▶ Information supplied:
▼

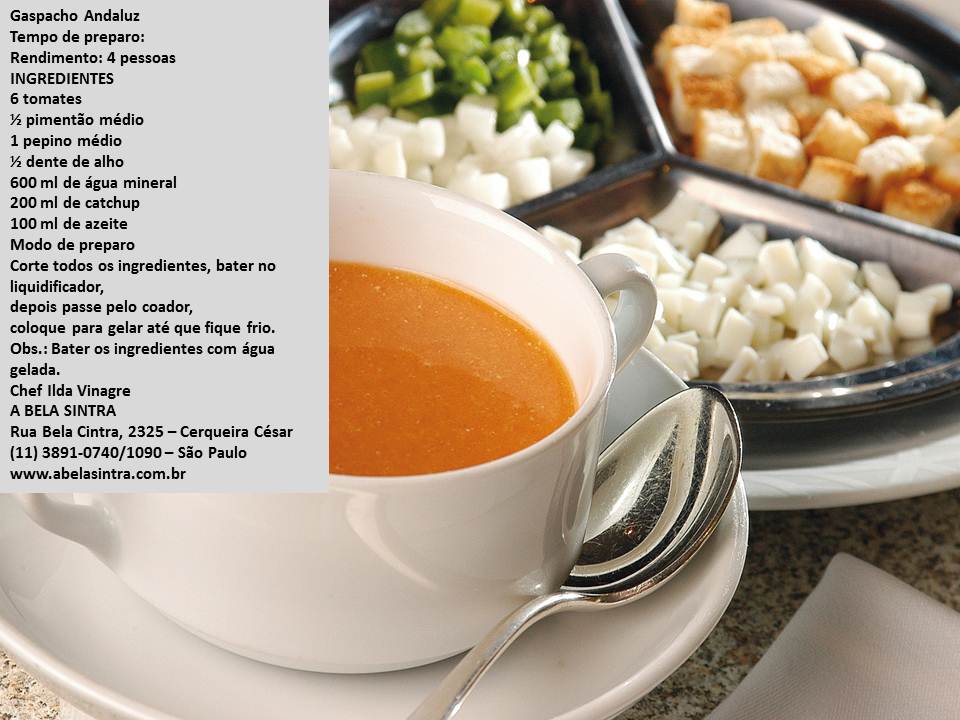 6 – Gazpacho ou Salmorejo. Estas sopas frias típicas espanholas, com um Fino geladinho são uma deliciosa e refrescante entrada para um dia quente.
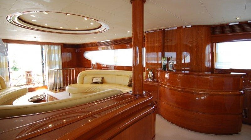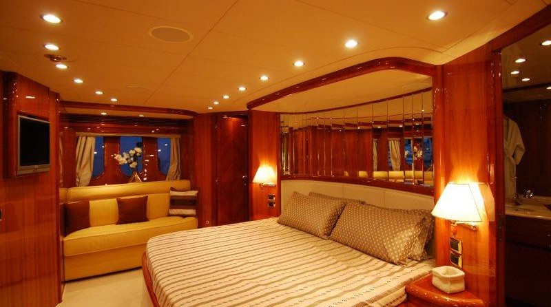 The motor yacht can accommodate 10 guests in 5 cabins.
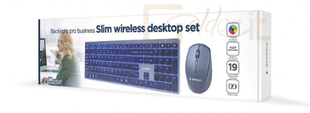 Billentyűzet Gembird Backlight Pro Business Slim wireless desktop set Black US - KBS-ECLIPSE-M500
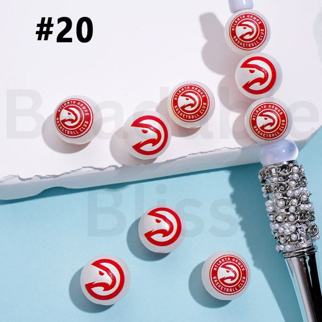 USA アメリカバスケットボールチーム アトランタホー NB スポーツ フロストマットホワイト ラウンドアクリルビーズ ランダムミックス 16mm

▲

▶ What is expected:
Retype, word for word, only the line holding "Billentyűzet Gembird Backlight" and the lines after it through the final line of the listing above, and leave every picture out.

▶ Your response:
 Billentyűzet Gembird Backlight Pro Business Slim wireless desktop set Black US - KBS-ECLIPSE-M500
 USA アメリカバスケットボールチーム アトランタホー NB スポーツ フロストマットホワイト ラウンドアクリルビーズ ランダムミックス 16mm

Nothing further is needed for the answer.